Scrufari triple-threat revolver. Three vertically-stacked barrels, and the cylinder held eleven rounds -- 5 .357 Magnums alternating with 5 .22 Long Rifles, and the cylinder center-pin on this top-break revolver was a .410 shotgun barrel. Three firing pins with a sliding transfer-bar selector lever to choose the caliber/barrel you want to fire. All custom-built on an extensively reworked S&W Model 29 frame.


----------



## PhilR. (Apr 25, 2007)

For production guns, I think the Borchardt wins. The HK's mentioned aren't really all that complicated. Yes, the P7 and it's variants have a few more parts than normal, but the machining required isn't all that complicated.

The Walther P1 and P5 have barrel assemblies that require an unusual amount of machining to make. That and the dual recoil rod/spring assemblies make them a bit complicated.

One could also make the case of the electric Free Pistols made by Morini and Hammerli, along with the .22lr sportpistols by Pardini, Morini, Hammerli, Walther, and Feinwerkbau.

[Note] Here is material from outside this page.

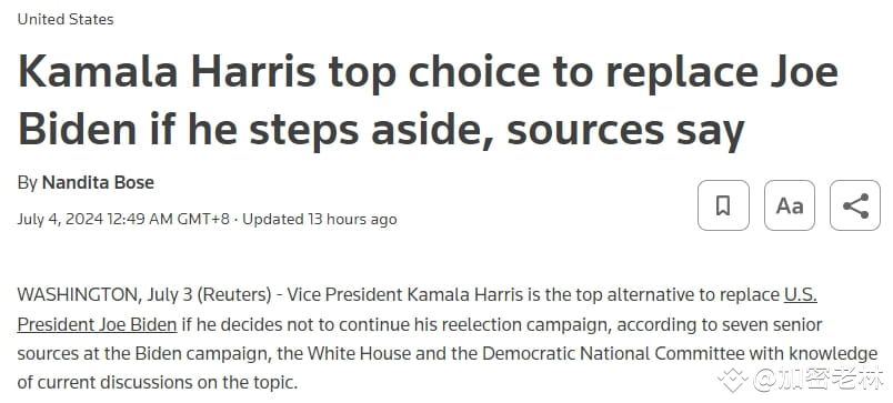 路透社援引拜登竞选团队、白宫和民主党全国委员会7位了解当前讨论情况的高级消息人士话称,如果拜登放弃竞选连任,哈里斯是接替拜登的首选。#美国大选#

The most complicated pistols that you can just walk into your local Academy Sports and find are the revolvers. The machining required to make a S&W 686 is a lot more than what is needed to make a Glock or XD.


----------



## yska08 (Dec 16, 2009)

Complex gun to take down and assemble; The Ruger MK II?!


----------



## PhilR. (Apr 25, 2007)

yska08 said:


> Complex gun to take down and assemble; The Ruger MK II?!


You definitely have a point there.....


----------